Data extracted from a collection
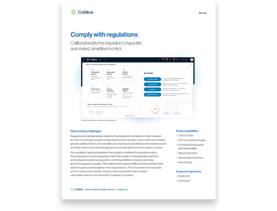 Now, because of Collibra’s interconnections within and between the central layers, we can quickly and easily trace where the data comes from and who manages it, to enable e.g. accurate liquidity risk assessment.
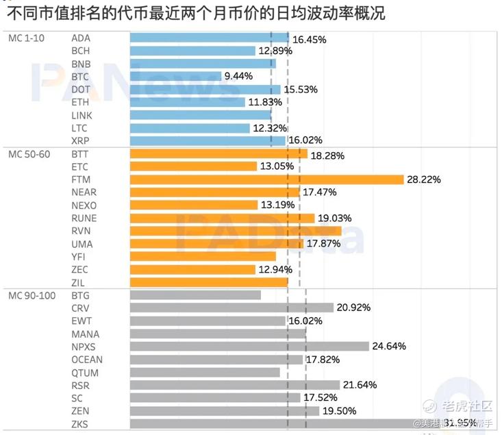 今年以来,30种不同市值排名的数位货币的日均波动率约为16.27%(中位数),其中市值排名1-10位的数位货币的日均波动率最低,约为14.51%,市值排名90-100的数位货币的日均波动率最高,约为18.10%。远低于近期IDO代币的波动率。
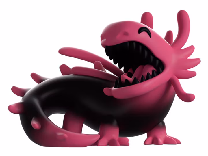 Oh no, we've become the new hunting ground of the Pink Lizard with their Youtooz debut! At 3 inches tall with a long pink and black gradient body snaking around as they open their mouth to reveal a series of pitch black teeth, their rounded nose leads down to thick frills at the back of their heads as blunt spines stretch all the way down theory back onto a curled tail. The exterior of their packaging sees them standing atop a metal ledge as thick vines wrap through the dilapidated structures in the distance, these then weave their way into the interior to surround them completely. The protective sleeve casts the ruined world in a green haze as their figure can be seen through the large clear window at the packaging's front. This collectible was designed in collaboration with community member @therealracckun and ships in a matte, embossed, protective outer sleeve and a custom-sized plastic protector for maximum protection during shipping.
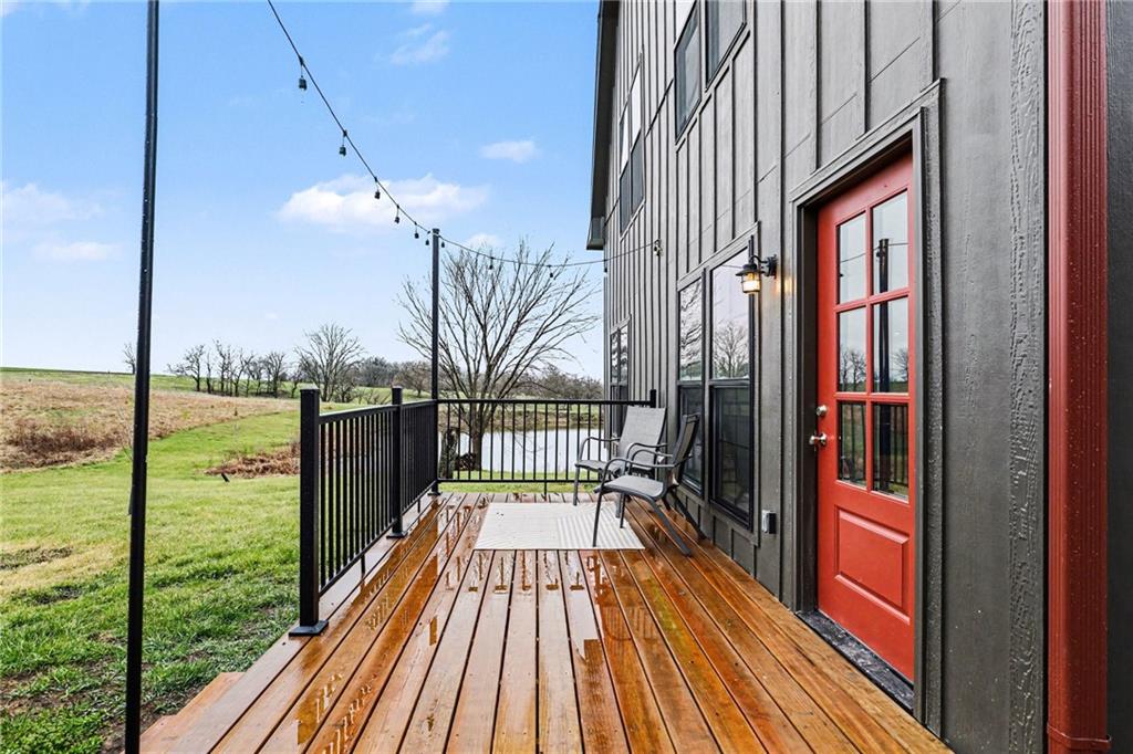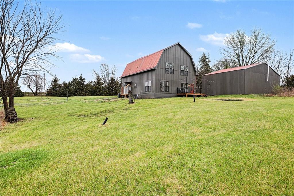 Experience the perfect marriage of turn-of-the-century character and cutting-edge luxury in this stunning 1900 barn conversion! Situated on 4.75 private acres, a half-hour from KC International airport, this three-story masterpiece has been meticulously reimagined into a sophisticated four-bedroom, five-bathroom retreat that defines "one of a kind." The main level anchors the home with a chef’s dream kitchen. Designed for both high-function and high-style with premium GE Café appliances and professional-grade finishes. With warm pine accents that nod to the structure's historic roots, an expansive layout flows effortlessly into the first of two distinct living areas. Ascend to the second floor to find a spectacular lofted great room. This massive secondary living space is the ultimate "game-day" destination, complete with a dedicated wet bar and a layout designed for large-scale entertaining or quiet relaxation. The primary suite is a masterclass in convenience and comfort, offering dual walk-in closets and integrated secondary washer/dryer hookups, ensuring laundry day is effortless. Spa-like finishes that create a true sanctuary. The beauty of the 4.75-acre lot is pulled indoors through thoughtful design, but the outdoor features are equally impressive. After a day exploring the grounds, use the outdoor shower to rinse off while overlooking the serene pond—perfect for keeping both owners and pets clean. A 42x30 outbuilding provides ample space for a workshop, studio, or equipment storage. This isn't just a home; it's a piece of history updated for the modern connoisseur with Smithville Lake, shopping and dining less than 20 minutes down the road. Schedule your private tour today to experience the scale and craftsmanship of this rural luxury estate!
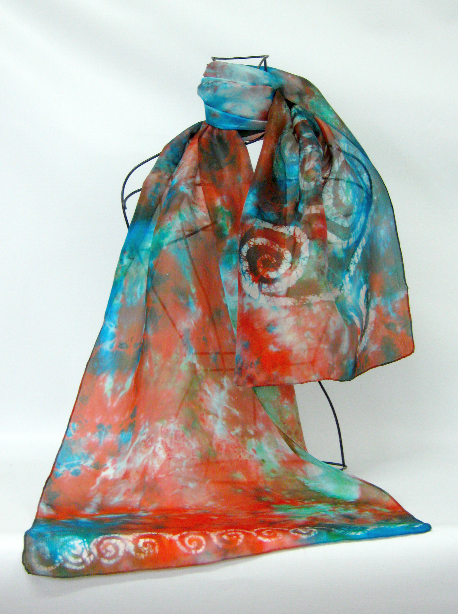 The design is a wax drawing of Celtic spirals inspired by Newgrange one of the oldest heritage sights in the world. The combination of hot wax on fine silk creates fine crackle lines that add to the texture of the design the nature of the technique makes each scarf a one off unique piece
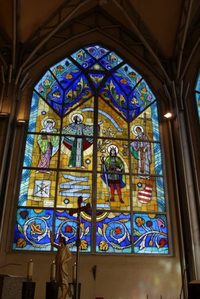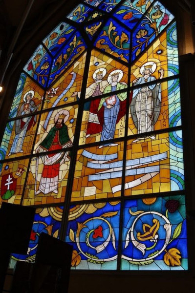 A Magyar Köztársasági Arany Érdemkereszttel kitüntetett Bráda Tibor művész készítette el az alkotásokat, amelyek a magyar szent családokat kívánják a 21. század embere elé állítani. Az alkotó feleségével, Deák Ilona festőművésszel és művész lányaikkal monumentális művészi munkát valósítottak meg a már behelyezett három szentélyablakon.
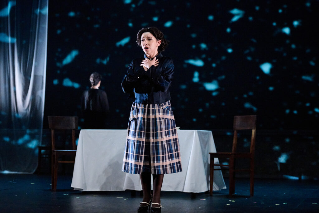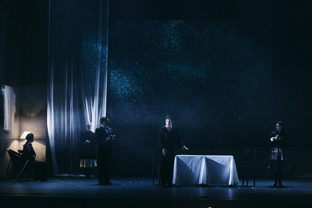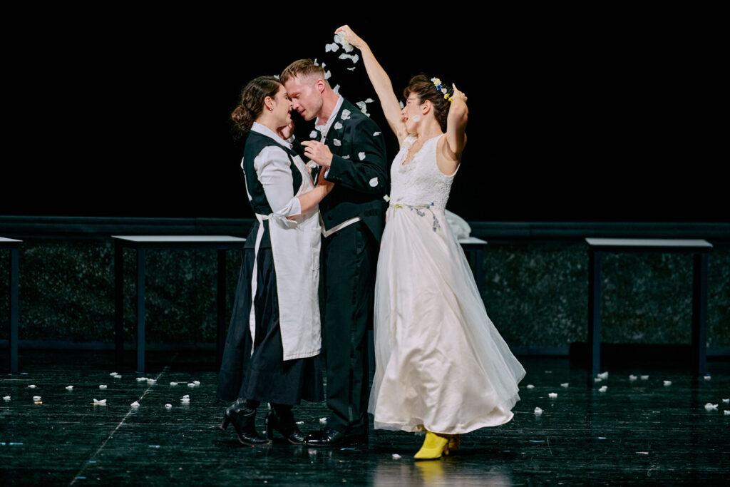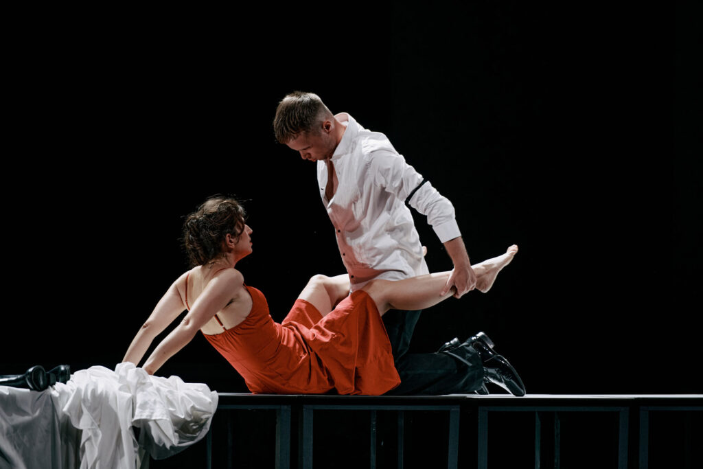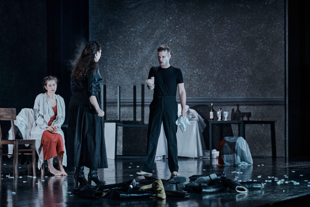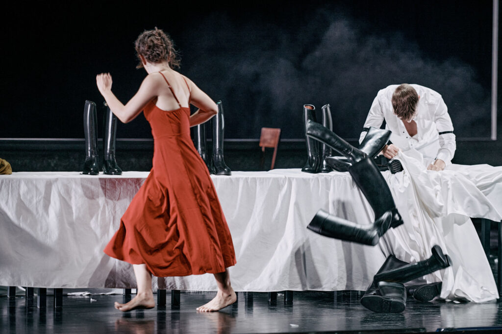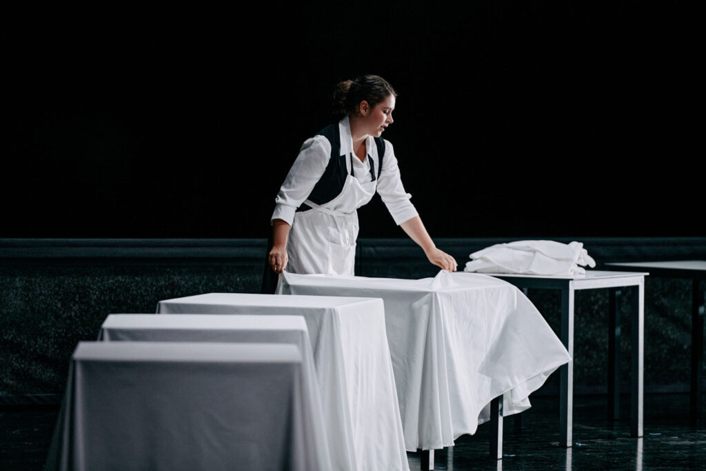 “Daniela Kerck’s set design and Hannah König’s costumes emphasize social tensions, creating an austere and powerful visual atmosphere.” Première Loge
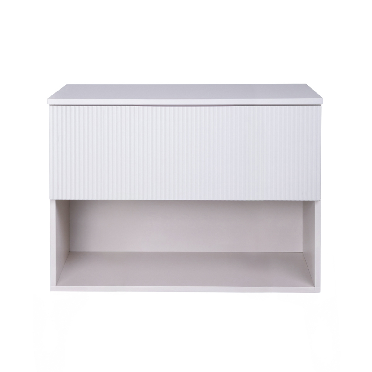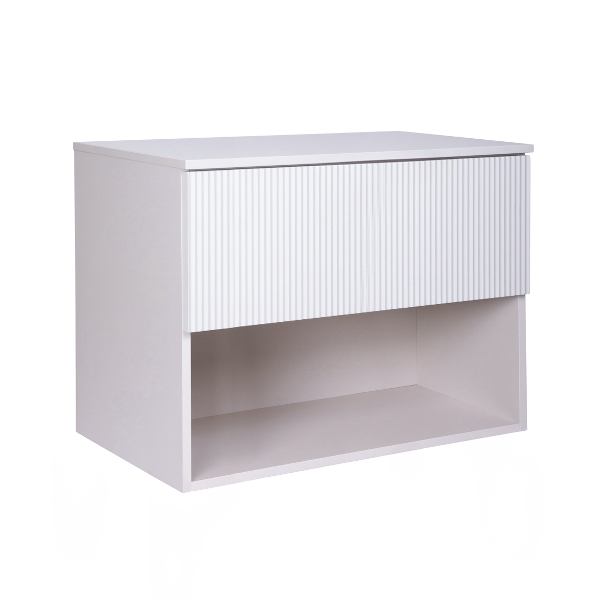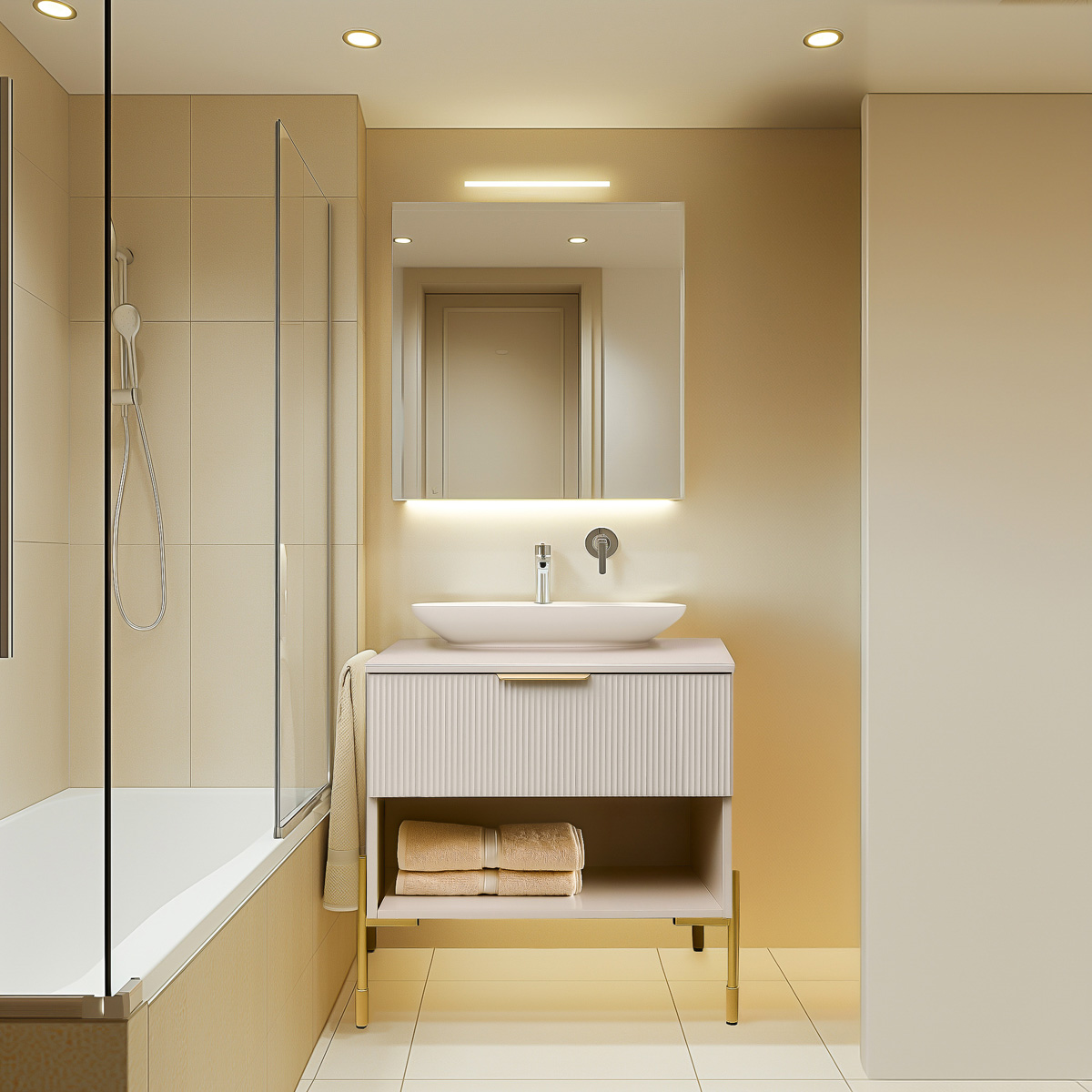 Тумба NAVADO имеет единый корпус с выдвижным ящиком и открытой полкой. В ней найдется место для косметики, банных принадлежностей, фена, косметики и полотенец. Простая, легкая форма в сочетании с фрезерованными фасадами ящиков создает фантастический визуальный эффект. Тумба подходит ко многим стилям оформления ванной комнаты — современному, скандинавскому, гламурному, японскому.
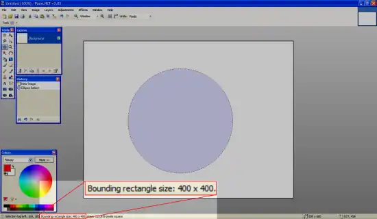 Use the Ellipse Select tool and (holding the SHIFT key) drag a circle that has a Bounding Rectangle size of 400 x 400 pixels.
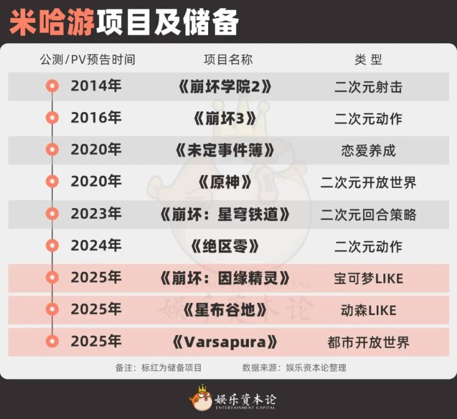 《原神》的首次PV预告,是在2019年6月释出,2020年9月份,游戏才正式上线。而《崩坏:星穹铁道》是2021年预告,2023年与玩家见面;《绝区零》则是2022年预告,2024年公测——差不多是一年发布一款旗舰产品的预告PV,并用2年左右进行铺垫和预热。
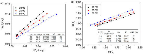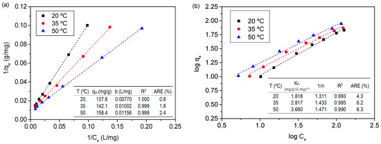 Freundlich and Langmuir isotherms fit the experimental data of pseudoboehmite with a correlation coefficient greater than 0.99; however, the Freundlich isotherm fit with a slightly greater coefficient of determination and a lower average relative error than Langmuir isotherm. Langmuir’s qm, which is a measure of the maximum adsorption capacity, increased from 52.3 mg/g (20 °C) to 91.9 mg/g (50 °C), while b, which is a constant related to the affinity of the binding sites, decreased slightly with temperature from 0.00823 (20 °C) to 0.00659 (50 °C). The dimensionless equilibrium parameter RL increased slightly with temperature, from 0.389 at 20 °C to 0.443 at 50 °C, all these values being lower than 1, indicating favorable adsorption. Freundlich’s constants KF and n were also influenced by temperature. An increase in the temperature resulted in a slight increase in KF, from 0.92 mg/g at 20 °C to 1.02 mg/g at 50 °C. The value of 1/n slightly increased with the temperature, indicating the higher adsorption intensity at higher temperatures: from 0.708 at 20 °C to 0.786 at 50 °C. At all the temperatures tested, 1/n values were less than unity, again confirming favorable adsorption.

• [EXERCISE DESCRIPTION]: Skip the pictures. Restate exactly the lines from the start of the entries through the line containing "今年以来,30种不同市值排名", both ends included.

• [RESULT OF THE EXERCISE]:
 Now, because of Collibra’s interconnections within and between the central layers, we can quickly and easily trace where the data comes from and who manages it, to enable e.g. accurate liquidity risk assessment.
 今年以来,30种不同市值排名的数位货币的日均波动率约为16.27%(中位数),其中市值排名1-10位的数位货币的日均波动率最低,约为14.51%,市值排名90-100的数位货币的日均波动率最高,约为18.10%。远低于近期IDO代币的波动率。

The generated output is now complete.